Гербовый столб - Валерий Степанович Рогов
— Эх ты, бляха! — грубовато воскликнула она. — Да не верьте вы этим призывам! По радио говорят одно, а в жизни совсем другое. Не давали жить и сейчас не дают. Спрашиваете, как корову держать? Да лучше не держать родимую! Точно вам говорю.
— Вот в прошлом годе, — разъясняла, — сельсовет дал справку, чтобы скосить луг. Не уходить же корму под зиму, так ведь? Ан нет, не так! Ну, все же мы взялись — дочь, зять помогли. Ну, и я со своим старым. А он у меня инвалид, искалечен на фронте, правая ладонь так наискось отрублена: косец-то с изъяном.

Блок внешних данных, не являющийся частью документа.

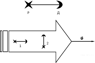 Проводя эксперименты с двумя установками 1 и 2, расположенными в космическом корабле, летящем со скоростью V =

— Ну, накосили, — продолжала. — Отправили нашего ветерана за трахтором. Чтобы помог перевезть. Только они прибыли, как тут же являются дирехтор с парторгом. Сытые, гады, да еще злые. И заявляют трахтористу, чтоб вез, значит, на ферму. Потому-де, что наше сено. Ну, я побежала к секретарше, в сельсовет. Ну, к той, что справку давала согласно нонешним постановлениям. Прибежали мы. Та внушает им: мол, разрешила, так как территория сельсовета. А они плевали! Дирехтор, так этот бугай с наглой угрозой заявляет: «Ну и что? Территория пусть и твоя, а сено наше. Поняла?»
— А нам, б‑бляха... — губы у нее дрогнули, глаза затянуло пеленой, вот-вот скатятся по морщинам-желобам слезы. Но пересилила себя. Успокоившись, продолжала, но непримиримо, с горечью: — А нам... дудки! Два трахтора с прицепами увезли, и хоть бы копейку за труд-то наш отсчитали.
— Да не в копейке дело! — махнула рукой. — В Москве болтают одно, а эти что хотят, то и воротят. Погибла Россия, точно вам говорю. С такими — погибла! Попробуй их переломить! Не‑е, не отступят. Всю власть забрали. И связываться с ними никто не желает. А они, ето демагоги! Ох, как распевают о государственном интересе. Как кочеты, только и горлопанят: для страны! для народа! Тьфу!..
— Ну, — продолжала она, — зять с дочерью возмутились. Они в Обнинске живут. Где атомная станция. Зятюшка, так тот побежал в «Знаменку», газету областную. Только я его останавливала. Говорила: мол, ничего не будет. Но вы же образованные, интеллигенты, простому слову не верите. Хотя возмущение у нас, конечно, было большое. Отец-то в больницу загремел. Все у него раны разболелись — с переживу-то да от обиды. Сердце захолостнуло — стар уже, инвалид. А «Знаменка», так та переслала ответ сюда, к дирехтору с парторгом. Мол, разберитесь. Вот так, бляха, и замкнулось.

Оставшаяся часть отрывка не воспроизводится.